Não se cobram impostos a coisas. Elas não pagam. Até agora, só se tem cobrado impostos a pessoas. Assim é com a tributação sobre o tabaco; é cobrada a pessoas. Estamos confrontados com um imposto que incide sobre uma categoria determinada de portugueses, os fumadores de tabaco, cuja composição social é conhecida (ver: http://tendimag.com/2012/09/24/os-fumadores-que-paguem-a-crise/). Que atributos económicos, sociais e culturais distinguem os fumadores que justifiquem esta sobrecarga fiscal? Não há argumentos racionais aceitáveis. Pelo menos, num país democrático. Só morais, no pior sentido, e políticos, quando a justeza deixa de ser critério. Trata-se de uma medida arbitrariamente discriminatória. Poderia ter calhado às mulheres, aos homossexuais, aos ciganos, aos alcoólicos, aos ciclistas, aos bebedores de café, aos funcionários públicos… Não, desta vez, são aos fumadores. Indexa, taxa e, com a respetiva moral nas entrelinhas, estigmatiza. Soma e segue.

Lucky Luke. Versão atual

Sendo esta tributação ostensivamente discriminatória, não configura um caso inequívoco de iniquidade fiscal? Pelo menos, nos termos do parecer do Tribunal Constitucional. Não será um esforço fiscal excessivo no combate ao défice pedido a uma categoria particular de portugueses? Não se estará a ferir o princípio da igualdade perante a Lei? A não ser que, como na quinta de George Orwell, alguns portugueses sejam mais iguais que outros…

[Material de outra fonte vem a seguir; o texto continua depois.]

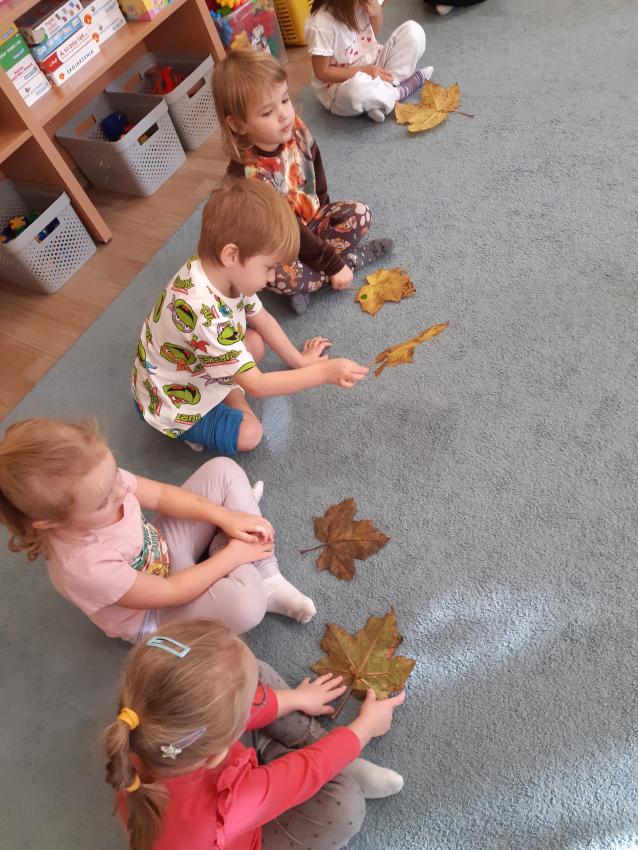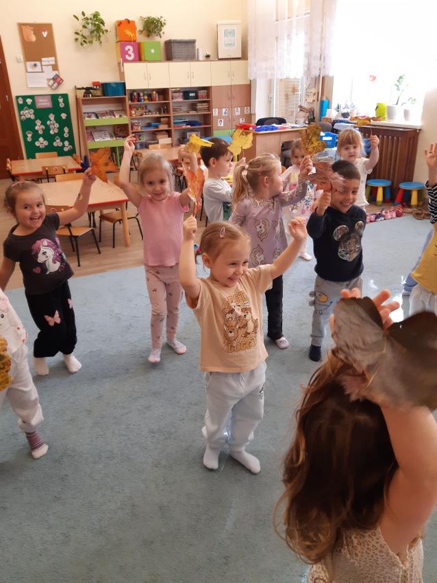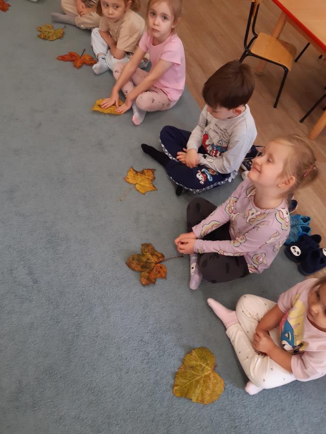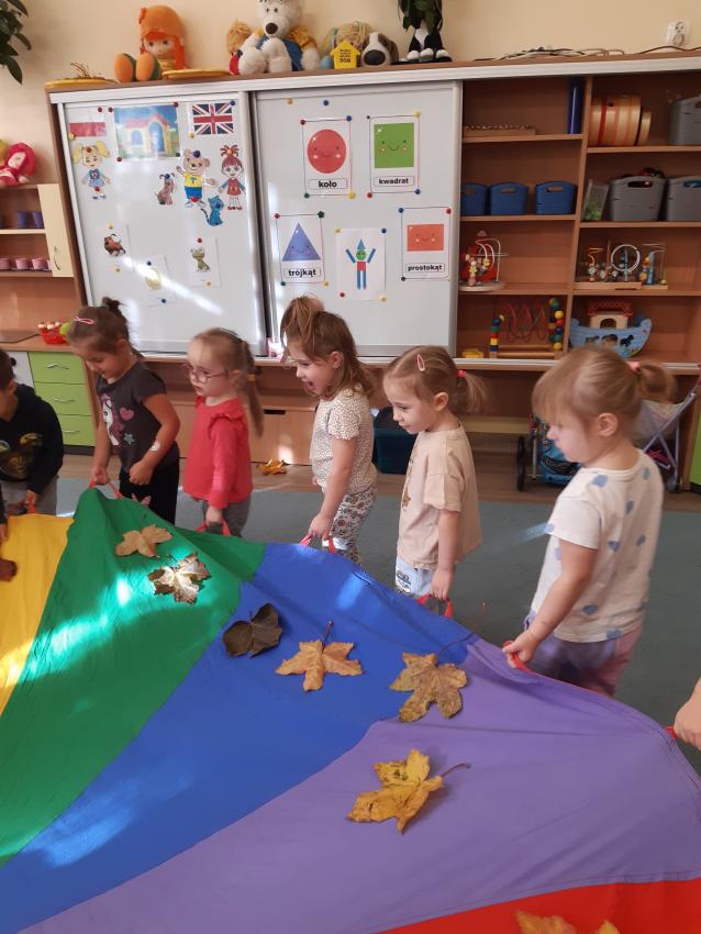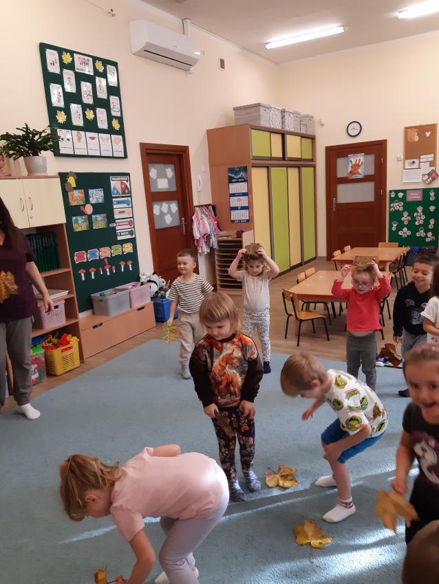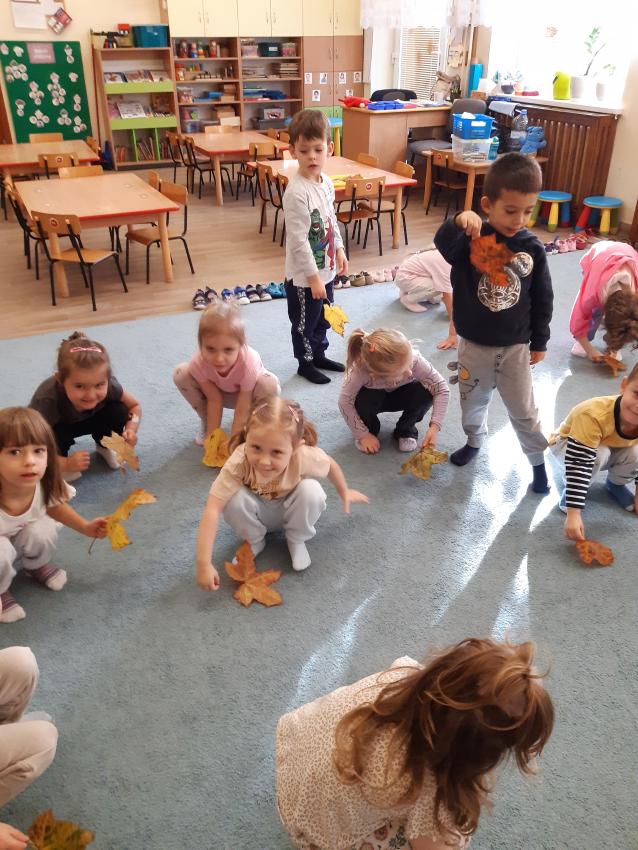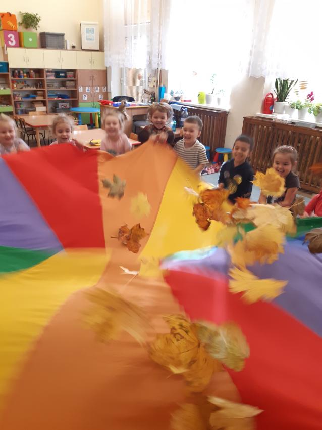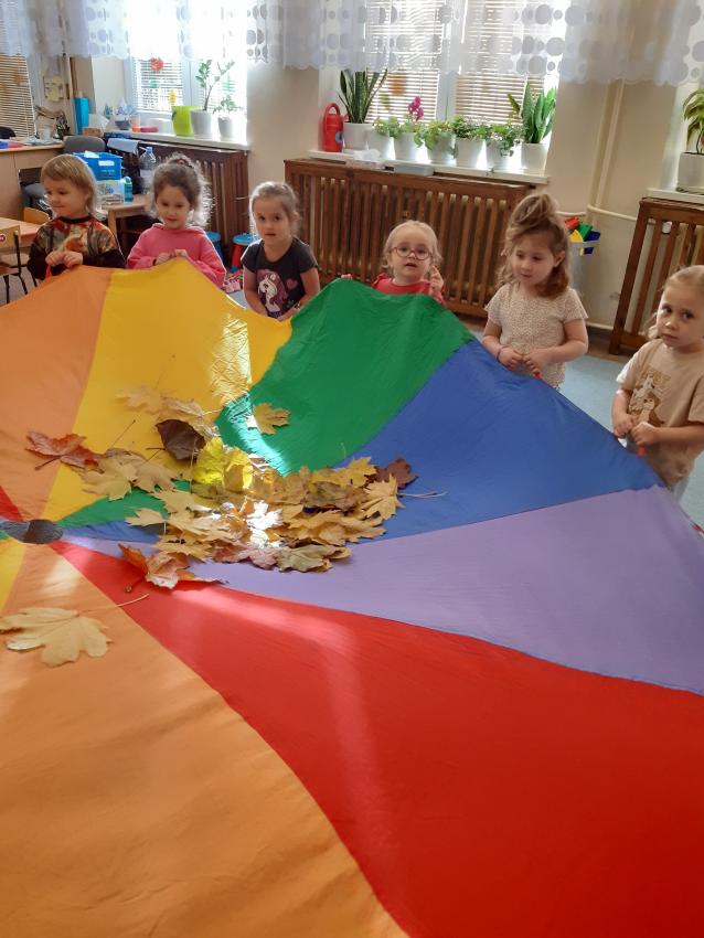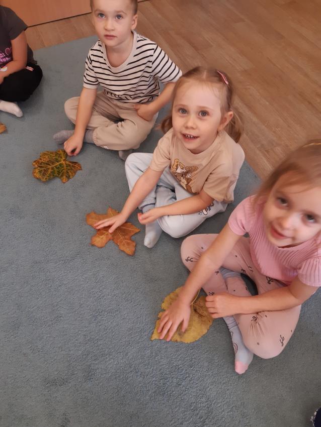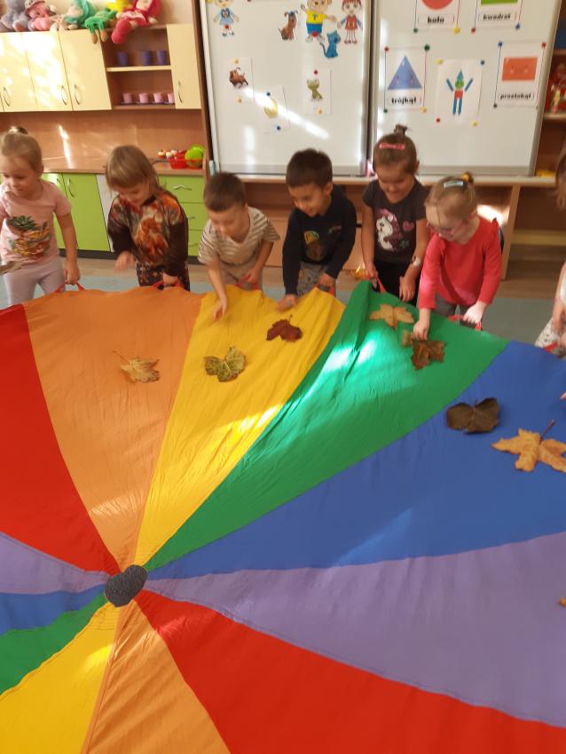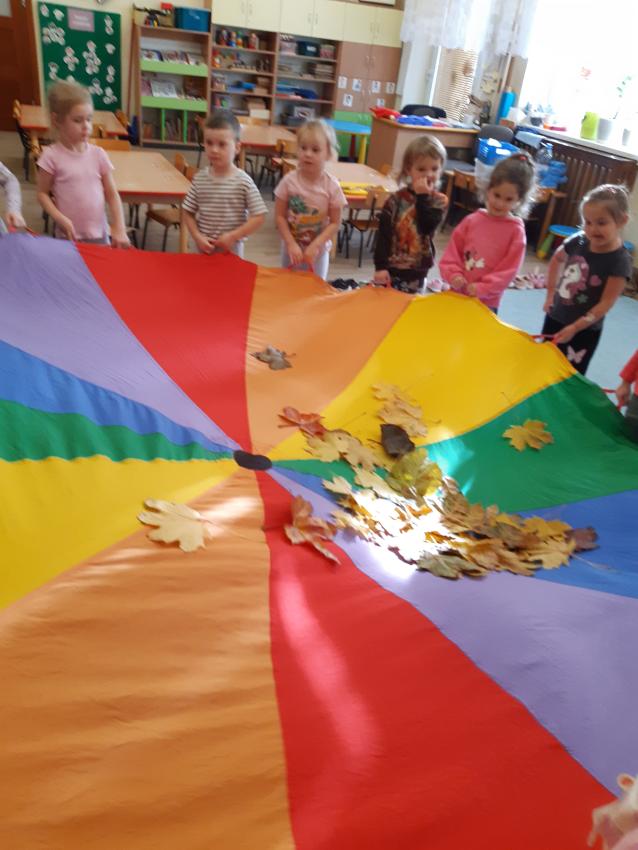 Podczas zabaw ruchowych i ćwiczeń gimnastycznych wykorzystaliśmy piękne naturalne jesienne liście .Dzieci poznały możliwości wykorzystania podczas zabaw tworzywa przyrodniczego- liści.Rozwijały umiejętności współdziałania , doskonaliły motorykę dużą i małą a najważniejsze świetnie się bawiły.

“ A entrada de tabaco no mercado português baixou 11 por cento entre 2007 e 2009, o que pode ser um “indicador indireto” da diminuição do consumo, disse à Lusa Mário Carreira, da Direcção Geral da Saúde (DGS) (http://www1.ionline.pt/conteudo/54639-consumo-tabaco-baixou-em-portugal, publicado em 09 de Abril de 2010). Se, ao menos, a subida da tributação sobre o tabaco diminuísse o consumo!… Mas não! A queda do consumo tende a ser pouco significativa. Sem comparação com a queda da “entrada de tabaco no mercado português”. Desce em Portugal, mas aumenta na fronteira espanhola. E o contrabando do tabaco não desarma. E muitos fumadores converteram-se a marcas e a modalidades mais baratas. É provável que estas “compensações” que ocorreram entre 2007 e 2009 também venham a verificar-se em 2013. Aumentar a carga fiscal e recolher menos impostos constitui um efeito perverso, nos últimos tempos, mais que visto. As pessoas não são legos. E Portugal não tem que oscilar entre Sebastião e Pirro: derrotas sem luto e vitórias sem fruto.

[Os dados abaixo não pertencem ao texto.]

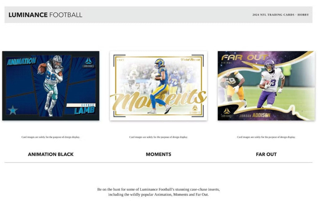 Be on the hunt for some of Luminance Football's stunning case-chase inserts, including the wildly popular Animation, Moments and Far Out.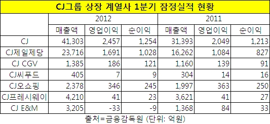 1일 금융감독원 공시자료에 따르면 올 1분기 CJ그룹 상장 계열사 전체 매출은 7조6천602억원으로 전년 동기 5조6천105억원보다 36.5% 늘었다. 전체 영업이익은 4천692억원으로 24.4% 증가했다.
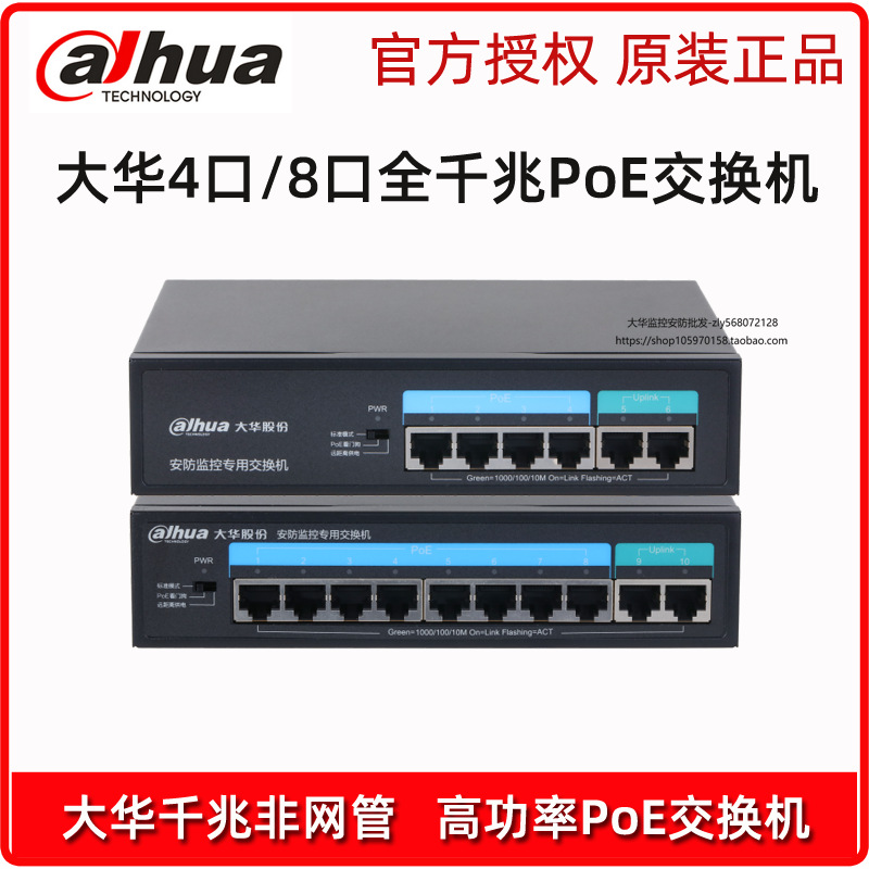 大華スイッチ4ポート8ポート全ギガPOEスイッチ監視接続DH-PS2100C-8GT2GT-120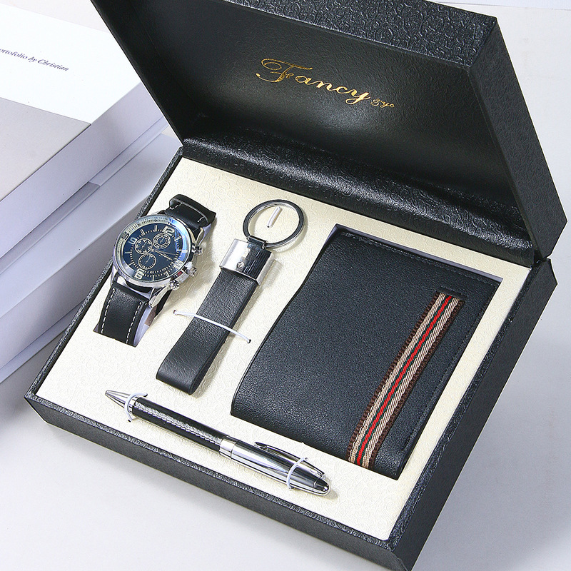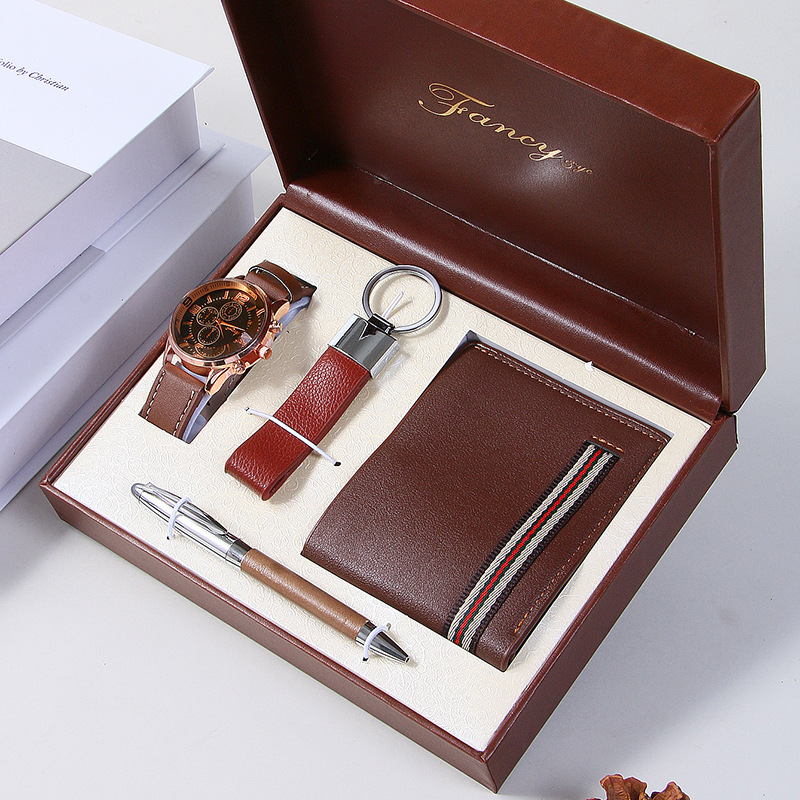 Color: 5 PCs Brown (watch wallet keychain pen Wood gift box),5 pcs Black (watch wallet keychain pen Wood gift box)

Não conheço associações, ordens ou movimentos de fumadores. Não há risco de protestos contra a subida da tributação sobre o tabaco que encham a Avenida dos Aliados ou a Praça de Espanha. A mobilização dos fumadores desfaz-se no ar. A equidade desfaz-se em euros. Para tributar os fumadores não é necessária grande coragem. O fumador é um acossado.

Zé do Boné (Andy Capp)

Enquanto coleciona falências de empresas como não há memória, o Zé dos Tostões arma-se em conselheiro do Príncipe. Sugere ao Zé dos Votos que o Zé do Boné (alguém se lembra das suas tiras no Primeiro de Janeiro?) está mesmo a jeito para a tosquia… A ave que simboliza este país não é o galo, ainda menos a Águia, é o abutre. Parece que toda a gente sabe que quem fuma não presta. É uma ameaça pública. Quem fuma que deixe de fumar se quer ser um cidadão como deve ser. Assim manda o processo profilático de higienização social.

Fumar não presta, é verdade! Quem se aproveita disso, também não.